Apply a load to the near 48V.  Voltage drops across its resistance, and the primary's resistance.  (The voltage on the opposite windings drops slightly further, due to the primary IR losses only.)

Apply a load to the far 120V winding instead.  Voltage drops across its resistance, and the primary's resistance, and the leakage flux (which manifests as a series inductance).  The near 48V winding is slightly lower in voltage (due to primary IR loss only), and the far 48V winding is lower still (due to leakage and primary IR loss).

Leakage between windings on opposite sides of a core / magnetic loop will be fairly high, enough to be noticeable (affecting regulation) even at line frequency.  But the windings within each core leg will be pretty well coupled.  So you can treat each side as a sub-transformer of its own.  By wiring the 48V secondaries in parallel, you are shorting out that leakage path between those sub-transformers.  It's like using a pair of 120:48V transformers back-to-back to get 120 again.  Except it's better, because the primaries are already mostly coupled (>90%, I would guess), so the 48V coupling only has to mop up the excess (the leakage, <10%).

With the 48V windings in parallel, apply a load to the far 120V winding.  The voltage doesn't drop as far, because most of the leakage is shorted out.  Now only the IR losses of each 120V winding remain.  A small current flows between the 48V windings, due to flux balancing; I doubt this will be more than 10% of their rating, even when the far 120V winding is heavily loaded.

How much IR loss are we talking?

When the transformer is operating as designed, both 48V windings are powered, and the 120V windings are loaded (in parallel, I assume, unless they were used for 240VCT; in which case, I'll assume parallel equivalent anyway, for convenience).  Which works the same as what we're doing, powering the 120V and (maybe) loading the 48V.

With all four windings active, each primary gets one unit of I*R, and each secondary gets one unit of I*R.  The pairs of primary and secondary windings are wired in parallel, halving each pair's total resistance.  The primary and secondary act in series, bringing the total back to one unit of I*R.

Likely, it was designed so that I*R is 5 or 10% of nominal output, i.e., for a 120V output (in the step-up configuration), it drops 6-12V at full load current (3kVA --> 25A).  That's 12.5A per 120V winding.

And total winding loss was I^2*R.  To leave the 48V windings unused, you drop half the loss, which is helpful, but you can't double the 120V windings' currents to compensate: that would quadruple their losses, and the transformer would run way too hot.  At best, sqrt(2) more current can be drawn, but this has two problems: one, the winding internal (hotspot) temperature will be ~41% higher; and two, more current simply drops more I*R voltage, worsening regulation.

It's also slightly worse due to the flux balancing current.  If the load is 120V and 12.5A, and the flux imbalance is ~10% like I worst-casetimated earlier, then the 48V windings will be carrying about 10% of their rating, i.e., 3A (out of 31A each).  Which dissipates a little heat, so the best case will actually be like 10% below sqrt(2).  But still, probably limited by regulation (how low can your line voltage drop, before it's really too bothersome to use on heavy loads?).

In any case, that's still 1.5kVA or so worth of capacity, which is not bad at all.

Tim

[chaseadam]

Thank you for the additional details.
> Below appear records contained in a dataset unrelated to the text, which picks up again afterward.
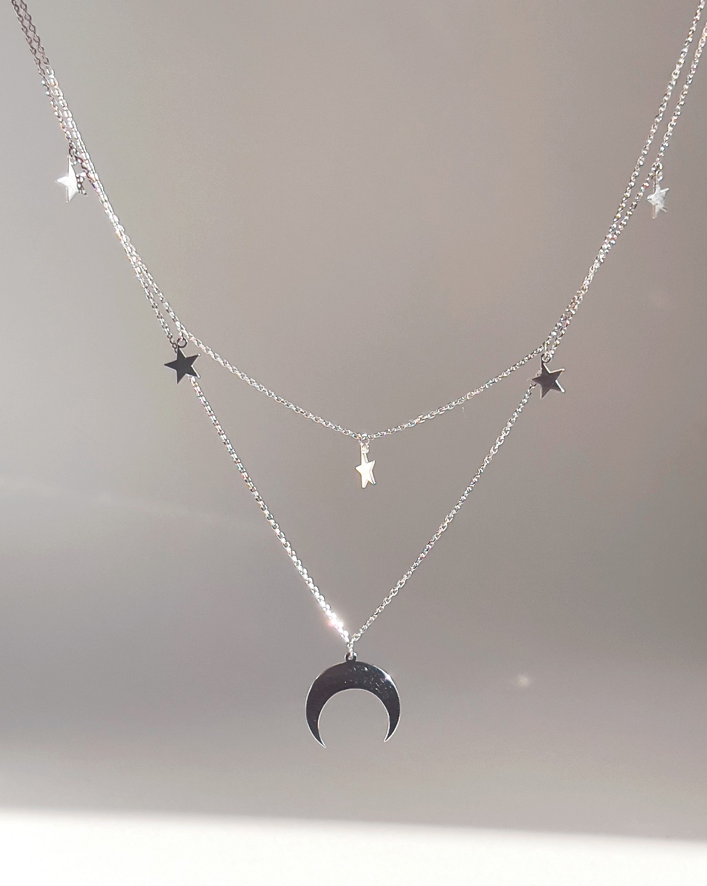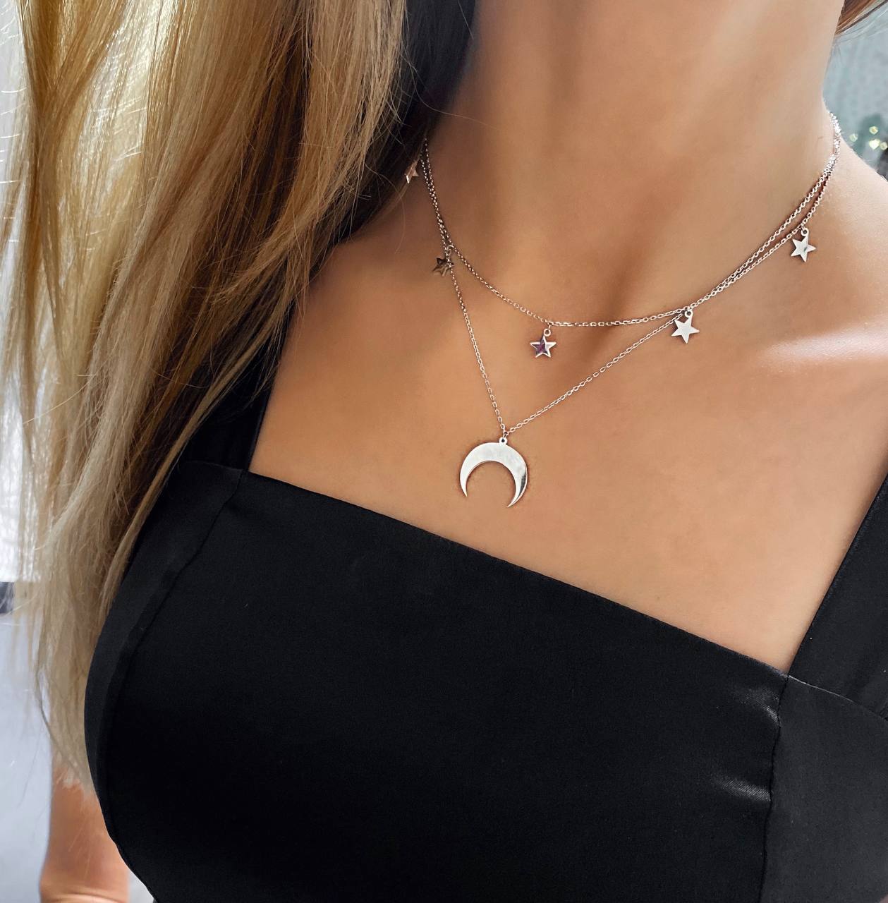 Срібне кольє подвійне Лунниця із зірками 925°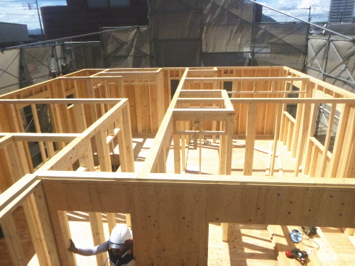 ツーバイフォーは、基礎⇒1階床⇒1階壁⇒2階床⇒2階壁⇒屋根というふうに下から順次上に完成させていきます。壁・床は、頑強に金物やボルト・釘で、接合されるので、横からの力に対しても、在来工法の2.5倍以上も強いといわれています。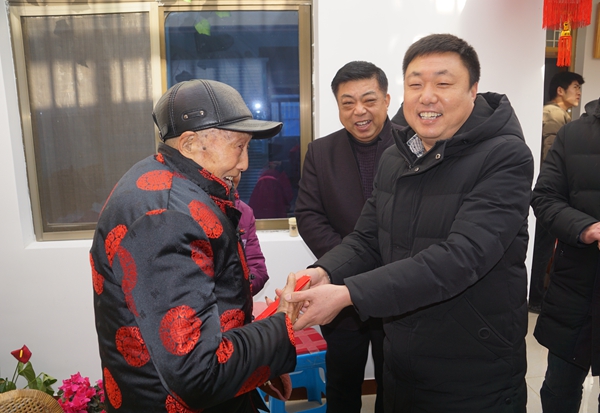 2月16日,新洋再添一喜,老人李永平同樣喜迎百歲壽辰。上午,王煜明、楊為宏一行親臨老人家中,為老人送去賀壽金、兩幅賀壽的字畫,與老人拉家常,關切地詢問他的身體狀況和生活起居情況,并祝他健康永相隨。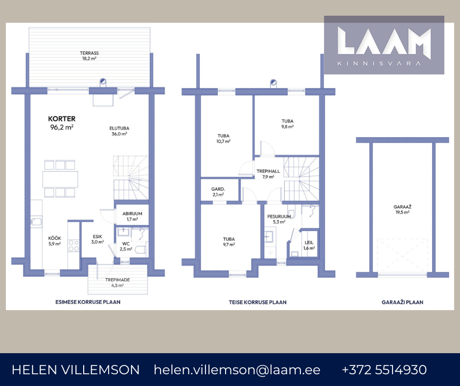 Esimesel korrusel asuvad ka esik, majapidamisruum ning WC/duširuum. Teisel korrusel asuvad 3 magamistuba ning saunaga duširuum.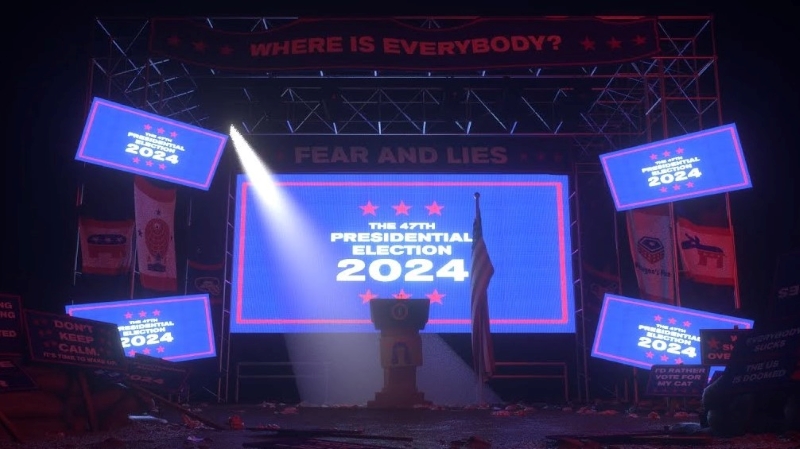 Bartlett radnju svoje najnovije drame, praizvedene ovoga proljeća u Old Vicu, smješta u blisku budućnost u kojoj sadašnji američki predsjednik Joe Biden zbog bolesti vlast prepušta zamjenici Kamali Harris, a istodobno se u borbu za novi mandat ponovno uključuje Donald Trump, preotimajući republikansku nominaciju od Teda Cruza.

I followed everything up until the total winding loss at the end. I plan on wiring the 48V side in parallel and the 120v in series (or for this scenario using the 120v independently in an unbalanced way).

I understand I need to take into account the loading related to flux balancing if there is an unbalanced load, but still not sure how to properly model it. If I have an unbalanced load I cannot use the full 1.5KVA on a single side of the transformer, but can you walk through how to model the impact of an unbalanced load again/differently?

Is the 10% flux imbalance sufficient for modeling? If so, please verify the following scenario with 48V parallel and 120V loaded unbalanced. I am assuming no losses inside a side of the windings for simplicity.

overloaded example because side A will exceed 1500VA due to flux compensation

	48v	120v
side A	31.25	12.5
side B	0	0

properly loaded worst case example because side A has ~10% VA reserved for flux compensation for difference in loads. This would give each side approximately 1350VA to work with (90% of 1500VA)

	48v	120v
side A	28	11.25
side B	0	0

properly loaded real world example where the unbalanced sides must have 10% VA reserved for flux caused by *difference* in loading (12A-8A=4A, 4A*120V=480VA, 10%*480VA=48VA). Side A is 1440VA loaded and 48VA for flux which is less than 1500VA.

	48v	120v
side A	30	12
side B	20	8

[johansen]

To measure the impedance of your transformer, find a 10 amp (minimum) variac. short the two 48 volt windings together, connect the 120v windings in series for 240, put an amp meter in series and turn up the variac till 12.5 amps flow and record the voltage. multiply the two together, as the power factor of this experiment will probably be 90% or better.. and you get copper losses. if you want to, let the transformer sit for a while and measure its temperature.. watch the amps decrease as well, as the resistance of the windings increase.

Open one of the secondary coils, keep the other shorted and you should be able to calculate the impedance by comparing the difference in voltage between the two 120vac coils.

you can reconfigure this test many different ways to get all the information you need.


anyhow, your statement:
" If I have an unbalanced load I cannot use the full 1.5KVA on a single side of the transformer"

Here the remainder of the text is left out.